Intensive Reading of SIMBAR Papers

SIMBAR: Single Image-Based Scene Relighting for Efficient Data Augmentation for Autonomous Driving Vision Tasks


Single IMage-BAsed scene Relighting

Summary

Real-world autonomous driving datasets are aggregated from information from different drivers on the road. Being able to re-light captured scenes to unseen lighting conditions in a controllable manner presents an opportunity to enhance datasets with richer lighting conditions similar to those encountered in the real world. This paper proposes a new image-based relighting pipeline, SIMBAR, which can take a single image as input. To the best of our knowledge, there is no work that exploits explicit geometric representations in a single image for scene relighting. We present a qualitative comparison with previous multi-view scene relighting baselines. To further validate and effectively quantify the benefits of using SIMBAR for data augmentation for autonomous driving vision tasks, CenterTrack-enhanced KITTI on SIMBAR achieves 93.3% Multi-Object Tracking Accuracy (MOTA), compared to the baseline MOTA of 85.6% for CenterTrack on original KITTI With a relative improvement of 9.0%, both models are trained from scratch and tested in virtual KITTI. For more details and datasets, please visit our project website ( https://simbarv1.github.io ).

1 Introduction

Lack of diversity in lighting conditions is a known problem with manually collected real-world autonomous driving datasets [1, 3, 15, 19]. For example, KITTI [19] only takes video sequences at noon, and the lighting and shadow conditions are similar across sequences. Newer datasets [33, 39, 61], such as BDD100K [61], are relatively good at diversity and capture images at multiple times of the day. Nonetheless, there was little variation in lighting conditions between images collected from the same drive. Furthermore, trying to acquire data for all types of lighting conditions is impossible in terms of time and money.
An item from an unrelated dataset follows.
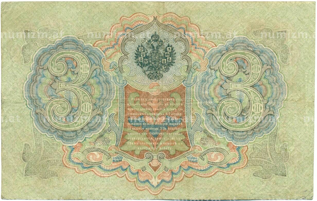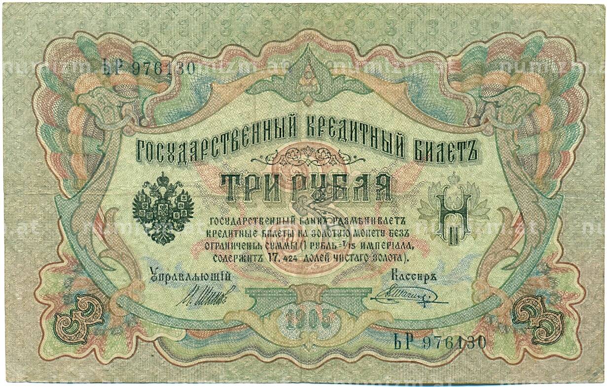 Банкнота 3 рубля 1905 года Шипов / Шагин (Артикул: K10-7908): подробные характеристики, качественные фотографии в высоком разрешении, низкая цена.
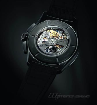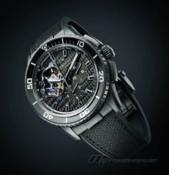 كرونوغراف اوتوماتيكي مع عجلة مسننة عمودية وإطار دوّار حركة مع فتحة تكشف عن جهاز للضبط

This variety of lighting conditions, along with the presence of shadows in the scene, is often a key barrier to the successful deployment of perception models for safety-critical autonomous driving applications. Models trained under limited lighting conditions fail to generalize to the plethora of lighting conditions encountered in the real world [27, 29]. The ability to relight existing datasets in a controlled manner provides an opportunity to develop improved perception models.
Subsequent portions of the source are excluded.